Information shown:
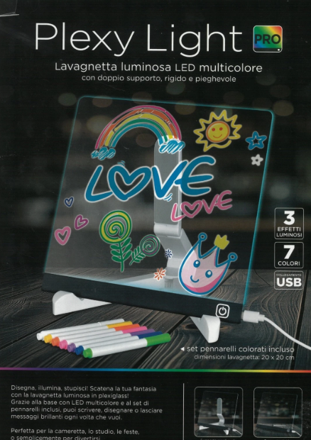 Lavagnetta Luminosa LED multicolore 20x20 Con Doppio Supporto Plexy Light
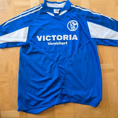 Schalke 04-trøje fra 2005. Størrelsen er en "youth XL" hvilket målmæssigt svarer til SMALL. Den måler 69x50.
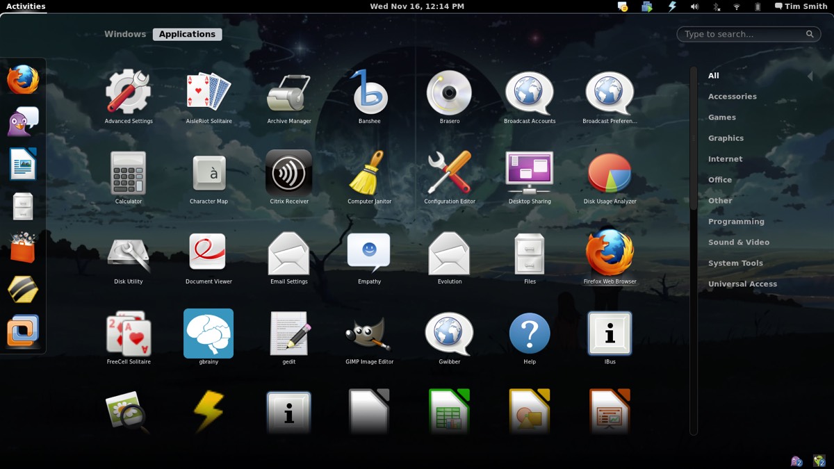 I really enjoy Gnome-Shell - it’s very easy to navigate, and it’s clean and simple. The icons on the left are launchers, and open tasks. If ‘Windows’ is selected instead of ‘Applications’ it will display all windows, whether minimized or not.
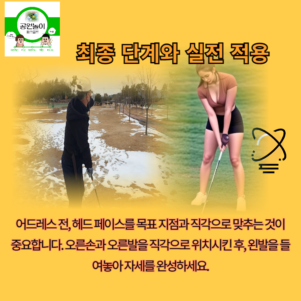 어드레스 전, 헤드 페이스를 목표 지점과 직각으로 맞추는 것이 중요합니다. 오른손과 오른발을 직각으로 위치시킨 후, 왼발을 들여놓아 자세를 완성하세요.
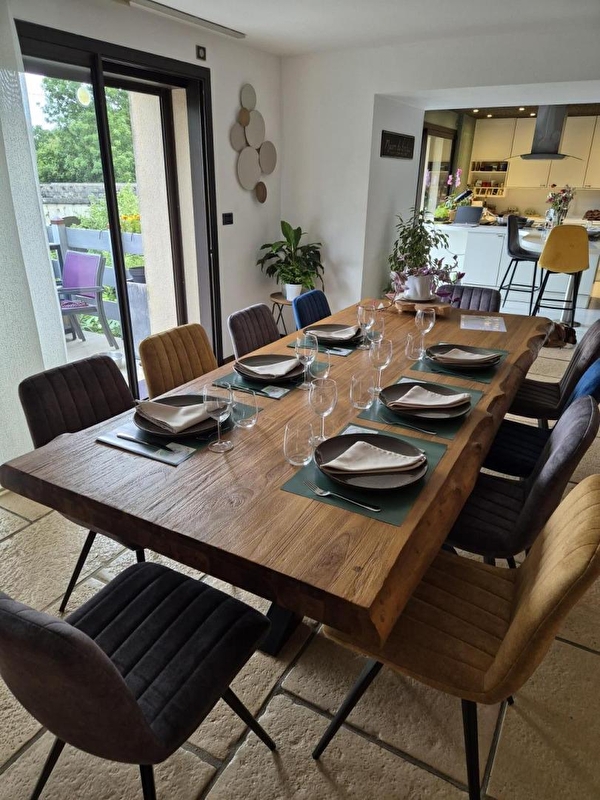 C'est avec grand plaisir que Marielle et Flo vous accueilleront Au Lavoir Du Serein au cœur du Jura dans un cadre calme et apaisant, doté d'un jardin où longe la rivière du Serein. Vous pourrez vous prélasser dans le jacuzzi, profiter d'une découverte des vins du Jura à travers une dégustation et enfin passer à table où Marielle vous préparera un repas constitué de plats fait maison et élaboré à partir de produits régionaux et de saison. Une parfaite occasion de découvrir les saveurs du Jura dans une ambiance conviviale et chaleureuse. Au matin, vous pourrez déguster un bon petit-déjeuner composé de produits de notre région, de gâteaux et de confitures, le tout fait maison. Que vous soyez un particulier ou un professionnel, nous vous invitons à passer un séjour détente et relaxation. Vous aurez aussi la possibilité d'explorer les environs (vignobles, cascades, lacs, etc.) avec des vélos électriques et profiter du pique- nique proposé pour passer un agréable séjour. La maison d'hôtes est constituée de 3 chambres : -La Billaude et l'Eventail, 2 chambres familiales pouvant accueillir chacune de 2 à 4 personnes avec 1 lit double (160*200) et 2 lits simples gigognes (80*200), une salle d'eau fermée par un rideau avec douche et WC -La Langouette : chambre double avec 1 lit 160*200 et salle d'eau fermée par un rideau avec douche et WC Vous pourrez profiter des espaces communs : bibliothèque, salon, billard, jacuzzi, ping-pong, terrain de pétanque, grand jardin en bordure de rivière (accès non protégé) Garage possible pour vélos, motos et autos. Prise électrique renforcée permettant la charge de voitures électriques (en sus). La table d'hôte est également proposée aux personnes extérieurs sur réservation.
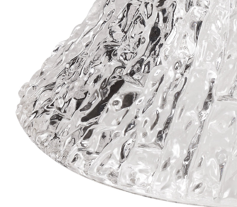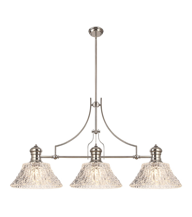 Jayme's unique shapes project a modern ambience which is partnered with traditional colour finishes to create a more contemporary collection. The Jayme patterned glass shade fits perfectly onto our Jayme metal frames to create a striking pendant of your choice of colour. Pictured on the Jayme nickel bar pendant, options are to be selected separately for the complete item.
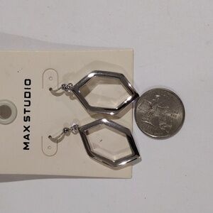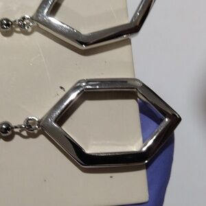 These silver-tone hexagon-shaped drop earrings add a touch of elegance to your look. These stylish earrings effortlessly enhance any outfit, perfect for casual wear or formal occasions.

--

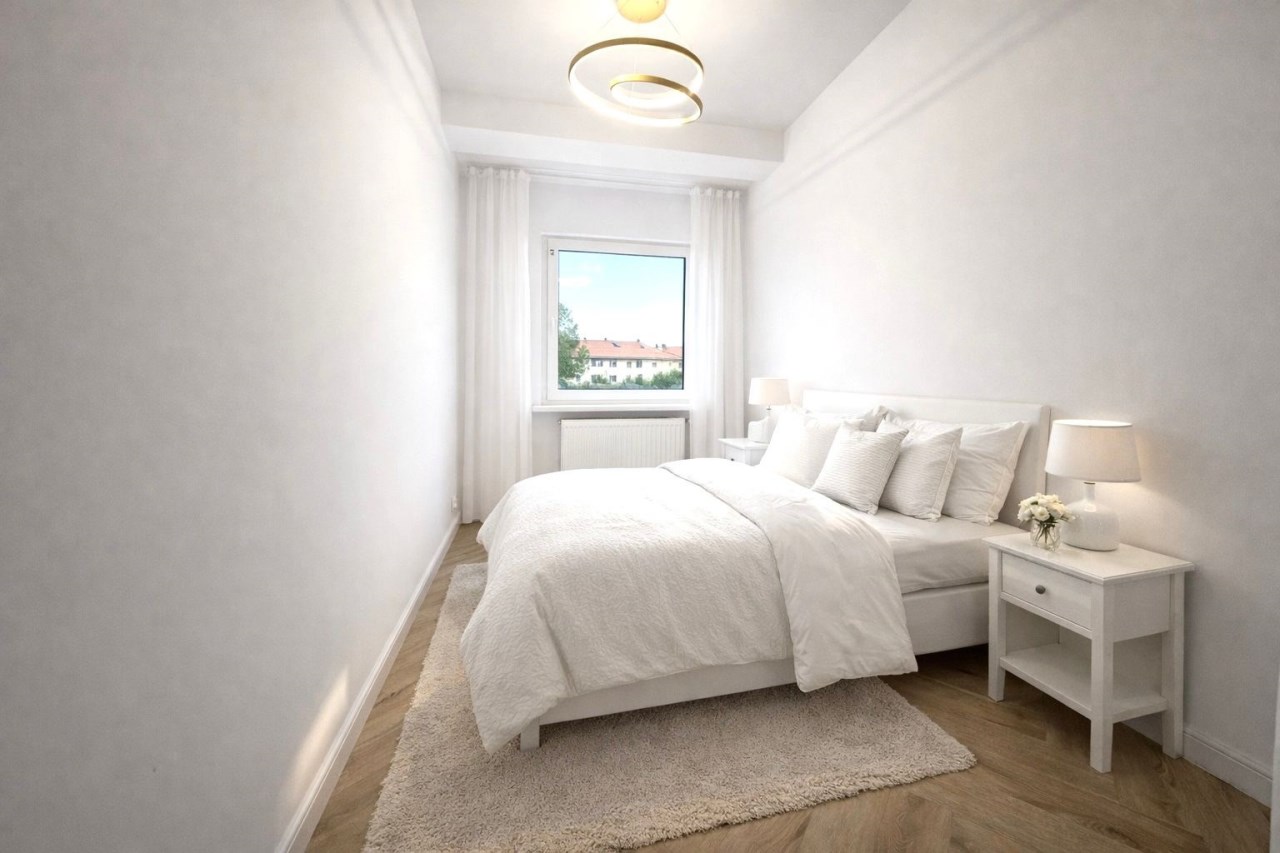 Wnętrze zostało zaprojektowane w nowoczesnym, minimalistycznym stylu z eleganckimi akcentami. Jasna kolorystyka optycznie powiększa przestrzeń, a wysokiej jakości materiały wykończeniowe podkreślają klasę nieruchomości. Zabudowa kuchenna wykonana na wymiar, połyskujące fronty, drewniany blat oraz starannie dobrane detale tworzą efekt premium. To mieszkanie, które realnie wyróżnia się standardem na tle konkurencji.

--

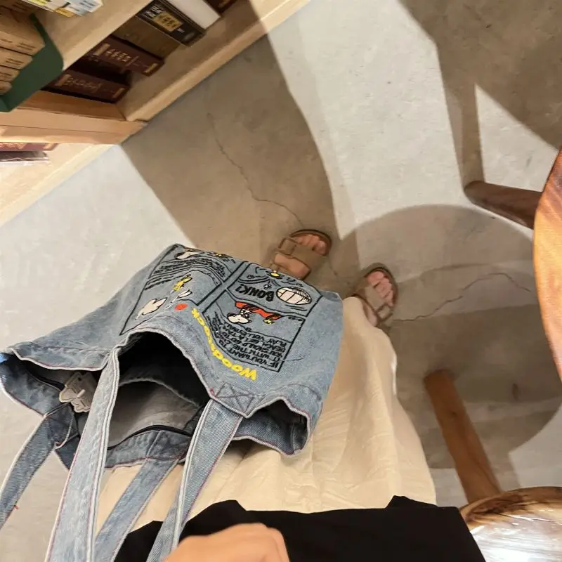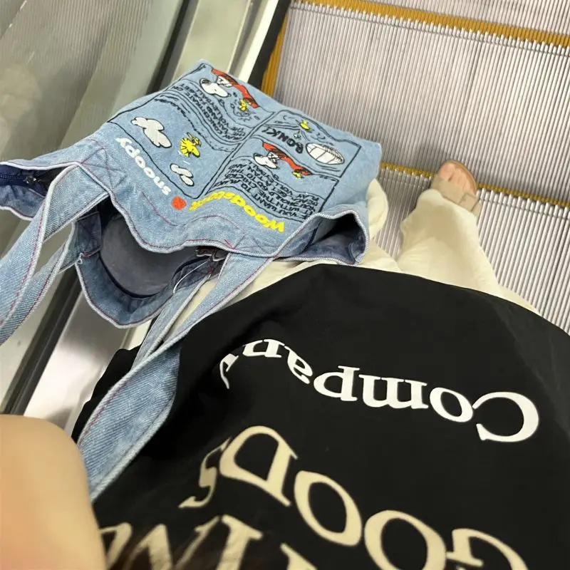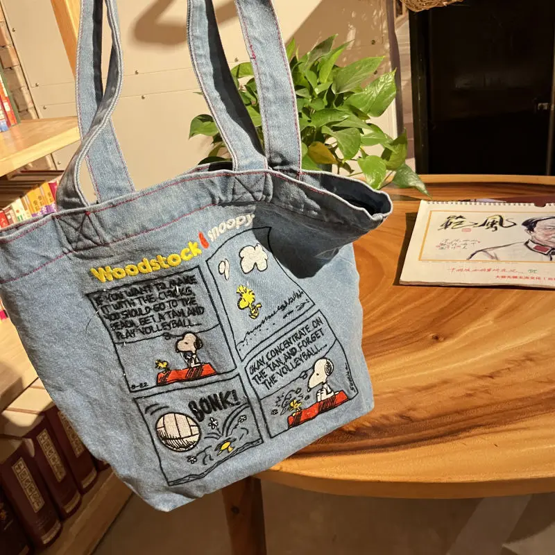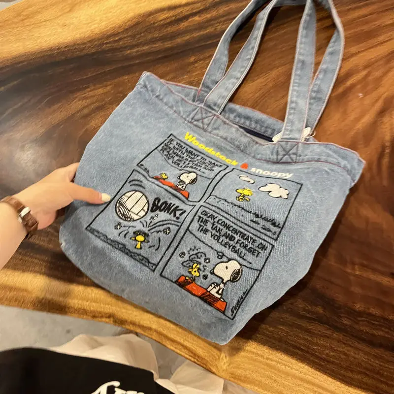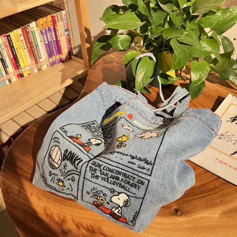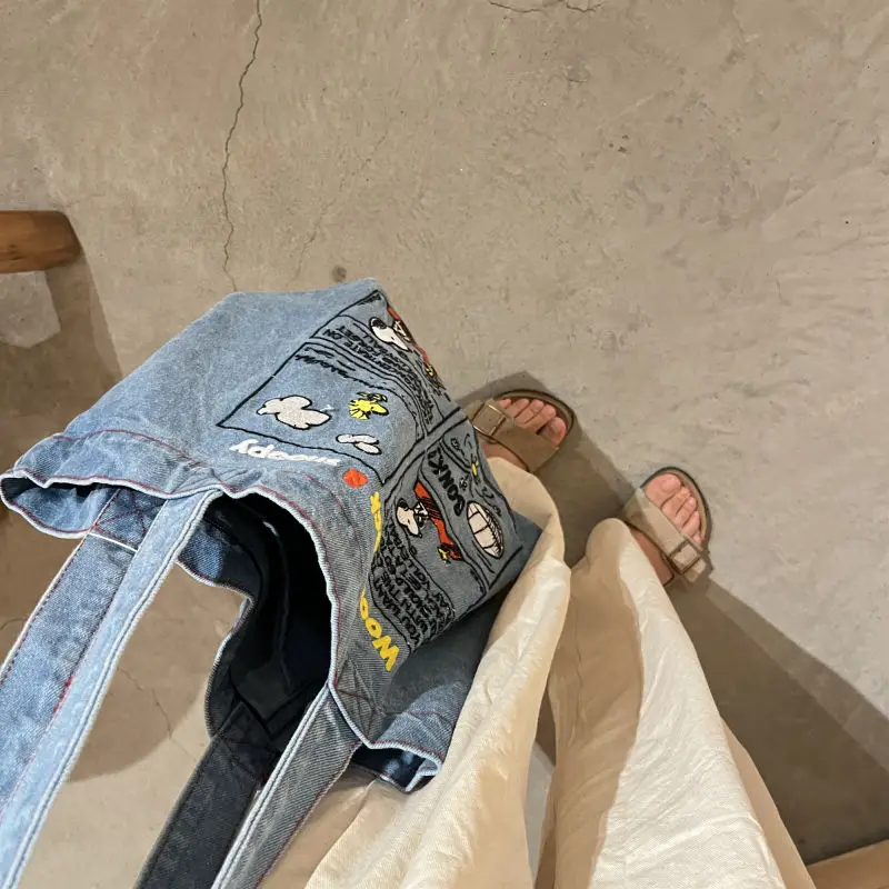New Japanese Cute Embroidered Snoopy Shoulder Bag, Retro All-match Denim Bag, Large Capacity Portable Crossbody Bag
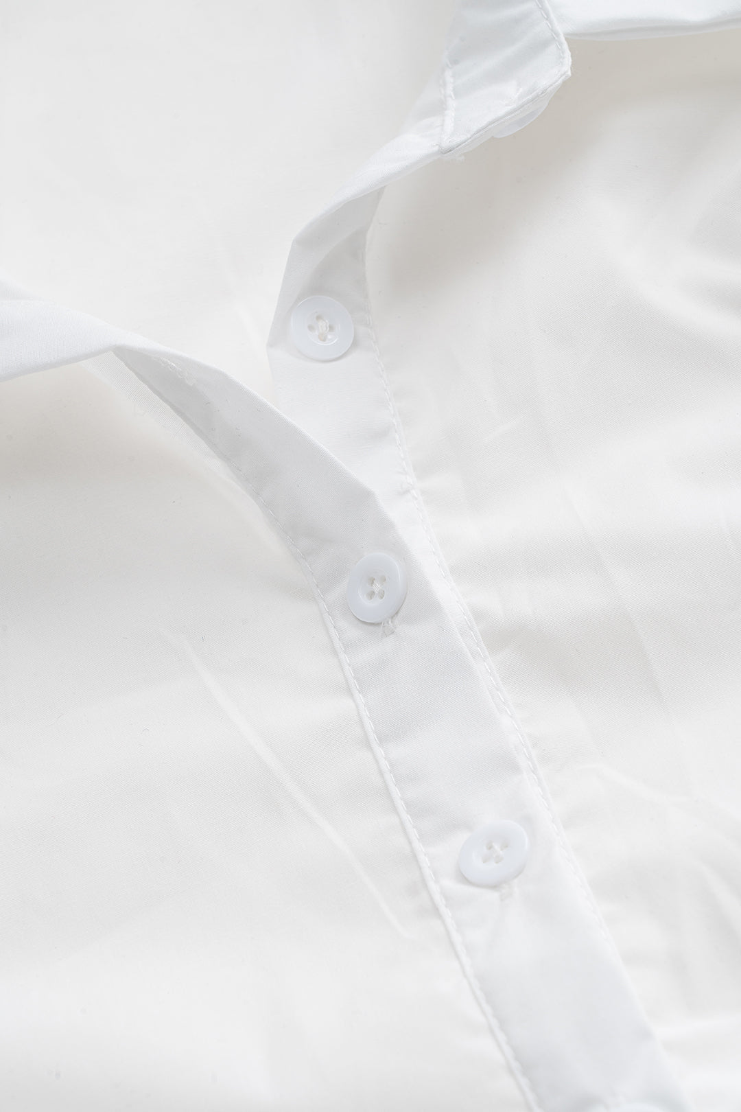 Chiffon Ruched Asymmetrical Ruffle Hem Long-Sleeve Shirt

Assignment:
Return exactly the lines above, from the one with "어드레스 전, 헤드 페이스를" up to and including the one with "C'est avec grand", and include no pictures.

Task response:
 어드레스 전, 헤드 페이스를 목표 지점과 직각으로 맞추는 것이 중요합니다. 오른손과 오른발을 직각으로 위치시킨 후, 왼발을 들여놓아 자세를 완성하세요.
 C'est avec grand plaisir que Marielle et Flo vous accueilleront Au Lavoir Du Serein au cœur du Jura dans un cadre calme et apaisant, doté d'un jardin où longe la rivière du Serein. Vous pourrez vous prélasser dans le jacuzzi, profiter d'une découverte des vins du Jura à travers une dégustation et enfin passer à table où Marielle vous préparera un repas constitué de plats fait maison et élaboré à partir de produits régionaux et de saison. Une parfaite occasion de découvrir les saveurs du Jura dans une ambiance conviviale et chaleureuse. Au matin, vous pourrez déguster un bon petit-déjeuner composé de produits de notre région, de gâteaux et de confitures, le tout fait maison. Que vous soyez un particulier ou un professionnel, nous vous invitons à passer un séjour détente et relaxation. Vous aurez aussi la possibilité d'explorer les environs (vignobles, cascades, lacs, etc.) avec des vélos électriques et profiter du pique- nique proposé pour passer un agréable séjour. La maison d'hôtes est constituée de 3 chambres : -La Billaude et l'Eventail, 2 chambres familiales pouvant accueillir chacune de 2 à 4 personnes avec 1 lit double (160*200) et 2 lits simples gigognes (80*200), une salle d'eau fermée par un rideau avec douche et WC -La Langouette : chambre double avec 1 lit 160*200 et salle d'eau fermée par un rideau avec douche et WC Vous pourrez profiter des espaces communs : bibliothèque, salon, billard, jacuzzi, ping-pong, terrain de pétanque, grand jardin en bordure de rivière (accès non protégé) Garage possible pour vélos, motos et autos. Prise électrique renforcée permettant la charge de voitures électriques (en sus). La table d'hôte est également proposée aux personnes extérieurs sur réservation.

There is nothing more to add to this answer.